ECONOMIA

Alta do PIB do 2º trimestre frustra Fazenda, que aponta chance de redução na projeção de 2,3% para 2026

1 de setembro, 2026 | Por: Agência O Globo

Desaceleração veio com recuo de 0,4% no consumo do brasileiro, em meio a elevado endividamento e perda de fôlego das medidas de incentivo do governo Lula. Agro sobe quase 3%

Consumo das famílias, que ficou 0,4% abaixo dos três primeiros meses do ano, foi o único componente do PIB a registrar queda. — Foto: Valter Campanato / Agência Brasil

O crescimento de 0,5% do Produto Interno Bruto (PIB) no segundo trimestre ante o primeiro trimestre, com ajuste sazonal, frustrou a expectativa oficial do governo (0,8%), segundo nota da Secretaria de Política Econômica (SPE) do Ministério da Fazenda, divulgada nesta terça-feira. O resultado também representa desaceleração ante o período de janeiro a março (1,1%). De acordo com a SPE, há possibilidade de redução da atual projeção para a expansão no ano, de 2,3%,

A composição do resultado do PIB também foi diferente do esperado pela SPE, com maior impulso de setores menos sensíveis ao ciclo econômico, como a agropecuária.
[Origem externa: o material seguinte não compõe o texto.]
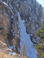 Salto principale fatto in 3 tiri con soste su ghiaccio. Buona presenza di ghiacciatori ma senza darsi troppo fastidio. Attacco comodo. Uscita a piedi.
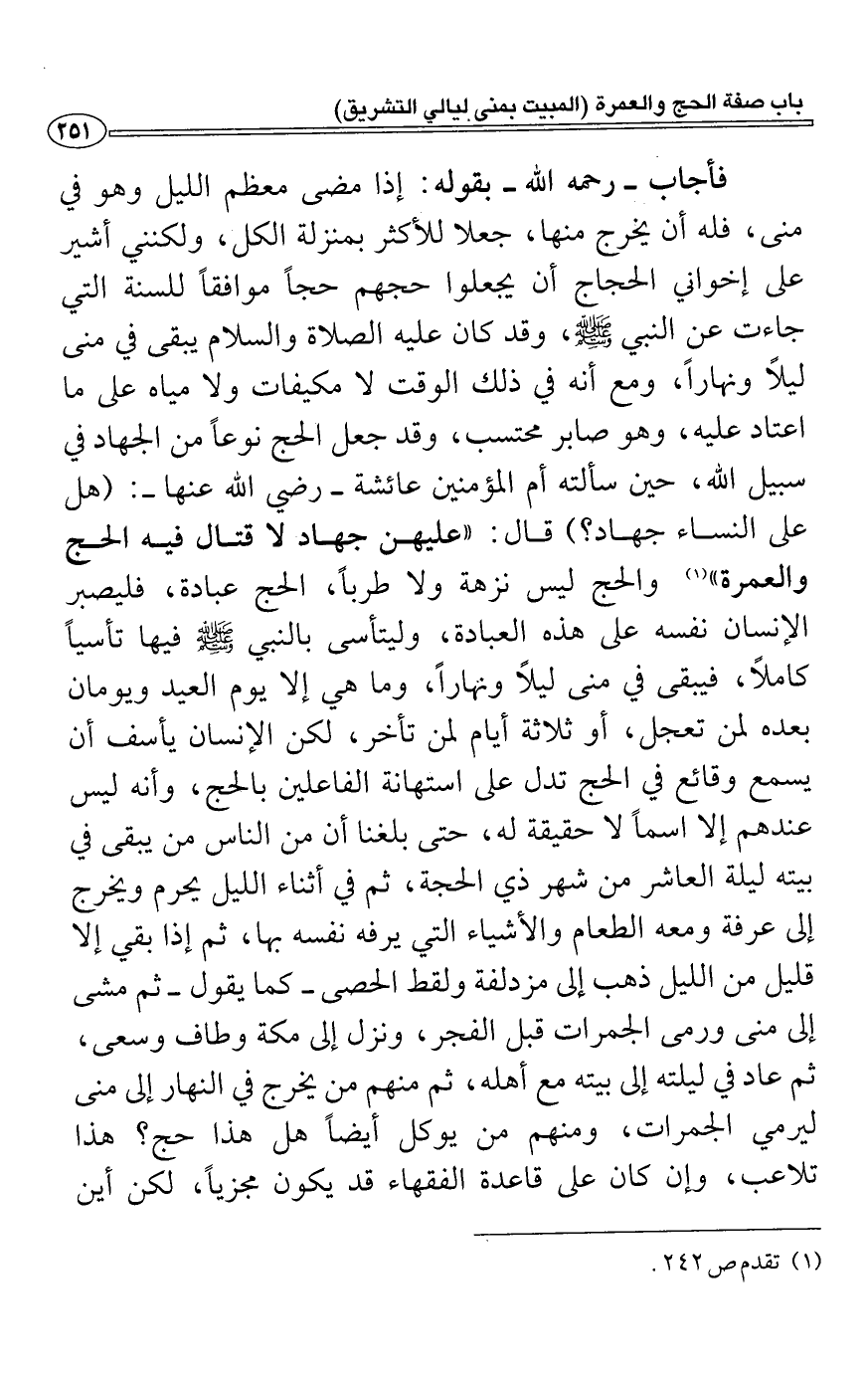 فأجاب- رحمه الله- بقوله: إذا مضى معظم الليل وهو في منى، فله أن يخرج منها، جعلا للأكثر بمنزلة الكل، ولكنني أشير على إخواني الحجاج أن يجعلوا حجهم حجاً موافقاً للسنة التي
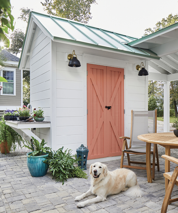 Outside, one will find more surprises, from the copper flashing over the French doors to the screened-in porch and window trim or the galvanized sink on the potting shed.

Indústria e serviços ficaram abaixo das expectativas, com o resultado industrial sustentado pelas extrativas diante do recuo da transformação e da construção.

Pela ótica da demanda, a absorção doméstica apresentou variação praticamente nula mesmo com o avanço do consumo do governo.

 — Foto: Editoria de Arte

O agro cresceu 2,8%, enquanto a indústria e os serviços tiveram altas marginais, de 0,1% e 0,2%, respectivamente. Do lado da demanda, o investimento avançou 1,2%e o consumo do governo, 0,4%. Já o consumo das famílias caiu 0,4%.

Para a SPE, o quadro é consistente com os efeitos ainda predominantes da política monetária restritiva sobre os vetores da absorção doméstica e sobre os setores mais cíclicos da economia, particularmente a indústria de transformação, a construção e o comércio, em um ambiente de endividamento elevado.

A expectativa é que haja continuidade de desaceleração do crescimento econômico no terceiro trimestre, com a dissipação do efeito de políticas do governo sendo parcialmente compensada pela redução do custo do crédito. Já no período de outubro a dezembro, é esperada uma retomada gradual, à medida que os setores mais ligados ao ciclo econômica respondam à redução da taxa Selic.

“O ciclo de cortes iniciado em março levou a taxa básica de juros de 15,0% para 14,0%, patamar ainda restritivo, de modo que o repasse ao crédito e ao investimento deve se materializar apenas parcialmente até o fim do ano. A projeção da SPE para o PIB de 2026 é atualmente de 2,3%, encontrando-se em revisão para o próximo Boletim Macrofiscal, com viés de baixa.”